La historia oficial también nos dice que en el viejo carguero preparado para la misión, pudieron embarcar 2.365 exiliados con un pasaporte colectivo hasta Valparaíso, adonde llegaron -aunque no todos- el 3 de septiembre de 1939, después de haber partido el 4 de agosto de 1939 desde el puerto de Trompeloup, cerca de Burdeos e incluso que muchos de ellos eran niños, que siguieron escolarizados a bordo. La realidad fue que el «Winnipeg» cumplió su cometido, pero la poderosa mano del estalinista Neruda se encargó de seleccionar a sus viajeros dando preferencia a sus camaradas del partido Comunista y marginando especialmente a los trotskistas y los anarquistas.

En los dos casos se adjuntan los nombres de los afectados y en el grupo de los 16 figura Fernando Solano Palacio, con estos datos: «natural de Asturias, 45 años, casado, lee y escribe, periodista, hijo de Manuel y Florentina. Exhibió carnet de miliciano».

14138326_10209881985553682_1438643772_nDicen que este pequeño grupo de libertarios fue recibido en la rada de Valparaíso por una lancha, donde sus compañeros los acogieron agitando banderas rojinegras. Luego, cada uno fue haciendo su vida.
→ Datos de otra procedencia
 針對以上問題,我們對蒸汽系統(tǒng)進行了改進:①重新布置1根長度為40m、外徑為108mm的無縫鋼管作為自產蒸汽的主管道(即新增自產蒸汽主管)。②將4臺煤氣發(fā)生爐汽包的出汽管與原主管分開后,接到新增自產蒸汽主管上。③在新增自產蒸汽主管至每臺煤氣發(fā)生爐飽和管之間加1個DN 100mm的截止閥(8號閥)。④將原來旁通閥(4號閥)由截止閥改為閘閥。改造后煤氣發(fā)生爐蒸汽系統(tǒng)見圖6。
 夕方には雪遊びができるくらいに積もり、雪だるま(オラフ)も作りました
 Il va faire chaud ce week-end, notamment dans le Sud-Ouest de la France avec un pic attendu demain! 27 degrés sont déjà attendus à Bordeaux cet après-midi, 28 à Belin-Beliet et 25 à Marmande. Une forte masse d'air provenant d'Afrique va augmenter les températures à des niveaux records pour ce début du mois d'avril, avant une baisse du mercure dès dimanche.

La del morciniego llenaría muchas páginas y está por contar, aunque de lo que sí disponemos es de su extensa obra en la que se encuentra desde un libro de versos titulado Jardín de Acracia, que escribió en la cárcel, a medias con otro poeta de curioso nombre, Astru Astur, hasta numerosos artículos en prensa.
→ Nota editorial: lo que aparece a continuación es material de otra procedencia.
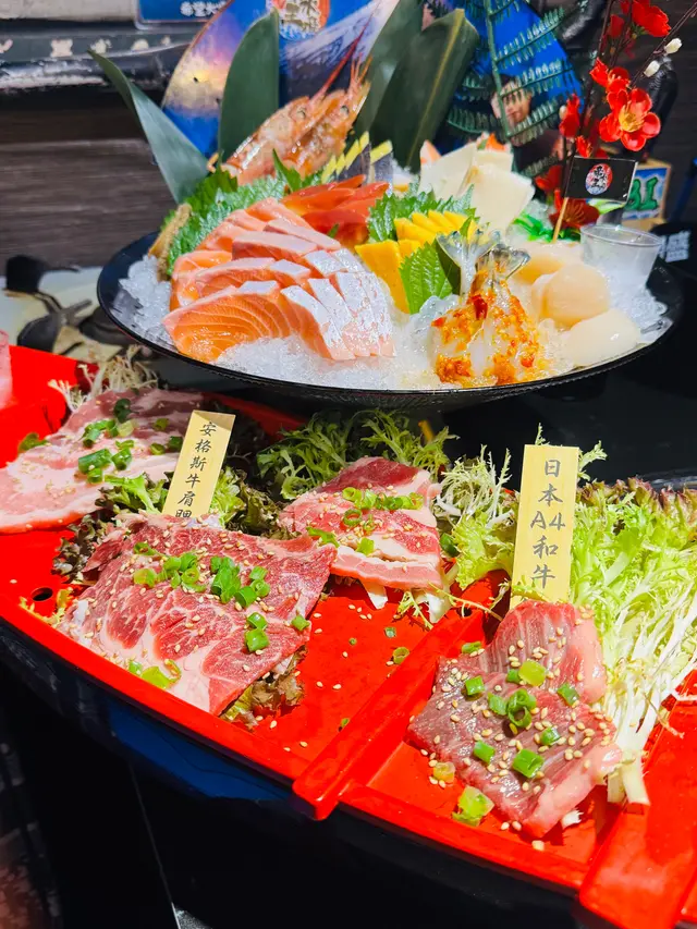 昨日跟麻雀腳一行四人相約去旺角的「極上帝王水產」嘆午市放題,這裡以豐富的日式料理選擇和高性價比聞名,而午市特長時段更有九折優惠,每人埋單 $300 有找,真的非常吸引。放題選擇各式其色;日料、烤肉、火鍋所有用具都已經準備好,富香港特色的高效。這裡的烤肉選擇十分豐富,豬牛羊雞等各種部位應有盡有,甚至還有大量新鮮蔬菜供選擇。我們幾個人分工合作,有人負責韓式烤肉,有人則將肉類放入火鍋邊爐,兩種吃法各有千秋!肉質鮮嫩多汁,尤其是各種不同腌法的雞翼和牛肉,烤得剛剛好,香氣四溢。食放題當然少不了主角級的刺身拼盤!內容實在豐富:牡丹蝦、甜蝦、八爪魚、帆立貝、希靈魚、赤背、蟹柳、三文魚,還有特別的泰式生蝦!每款刺身都非常新鮮,尤其是牡丹蝦和帆立貝,質感彈牙,鮮甜無比,讓人忍不住一口接一口。這裡的壽司不僅精緻,魚生也相當新鮮。在常見的三文魚壽司、吞拿魚壽司、帆立貝壽司上,可選擇加上黑松露,滿足我們挑戰味蕾的需求。炸物方面也是水準之作,炸廣島蠔外皮酥脆,內裡多汁,完全鎖住了蠔的鮮味。還有令人驚喜的芝士漢堡扒,外層金黃酥脆,切開後芝士流心,配上濃郁的肉香,令人一試難忘。飲品也算應有盡有,啤酒汽水果汁和茶任君選擇。還有些雪糕雪條以及啫喱布甸等甜品;算是不錯的壓軸之選。四人消費,每位盛惠$300有找,確實超值。…查看更多

Entre sus libros, muchos de ellos publicados por La Revista Blanca, están «Aurora», «La mujer y el ideal», «Amor y sacrificio» y «El arreo». Aunque seguramente su novela más popular es «Entre dos Fascismos, Memorias de un voluntario de las Brigadas Internacionales», una crítica al estalinismo que fue publicada en Valparaíso, donde pudo abrir una imprenta y ayudar a montar la editorial «Más allá», con la que también editó «El Éxodo por un refugiado español», donde contó lo ocurrido entre el 21 de febrero hasta el 4 de septiembre de 1939 con su huida y estancia en Francia y el viaje del «Winnipeg».

Fernando Solano Palacio pasó la mitad de su vida en Chile sin abandonar nunca su militancia, integrándose en el Grupo Anarquista Enrique Arenas y en la Federación Anarquista Internacional del país, por ello sus aportaciones a la prensa anarquista internacional, desde 1915 hasta los años setenta son incontables. Finalmente, cuando se encontró de cerca con la muerte quiso volver a quedarse. ( Publicado en La Nación de Asturias.)

Sus recuerdos en primera persona

En un reportaje histórico el diario La Tercera de Santiago de Chile recuerda la llegada de los refugiados y la actuación de Neruda a juicio de los anarquistas :  “El señor Neruda apela por todos los medios, por innobles y desleales que estos sean, para rechazar el mayor número posible de anarquistas, embarcando comunistas en su lugar, sin que esto sea óbice para que, valiéndose de su cargo de agente consular, ponga sus actividades no al servicio de Chile, y sí al servicio del Partido Comunista y de sus amistades”, narró en sus memorias El éxodo. Por un refugiado español.                                     

Por lo menos Solano llegó a puerto. El pintor Eugenio Fernández Granell, en cambio, fue invitado a bajarse en el camino. Trotskista de toda la vida, se exilió en Santo Domingo. Según datos de David Schidlowsky, el 86% de las solicitudes de refugiados anarquistas fueron rechazadas: “El porcentaje de anarquistas que al final llega a Chile es de 0,9% del total, lo cual demuestra el éxito de las maniobras de los comunistas y Neruda”. Es la otra historia del Winnipeg.

Regreso y muerte

Fernando Solano Palacio nació en Morcín el 23 de agosto de 1887 y falleció en un piso de la calle Premio Real en Gijón el 27 de octubre de 1973; la causa de su muerte según obra en su partida de su defunción fue simplemente la senectud1. Una larga vida, llena de luchas cárceles y exilios que desembocó en una vejez solitaria.

Solano fue anarquista desde su primera juventud hasta sus últimos días. Militante de la CNT y como muchos otros protagonistas de aquellos años que llenaron de sangre la historia de las cuencas mineras en la primera mitad del siglo XX, a la vez hombre de acción y de letras.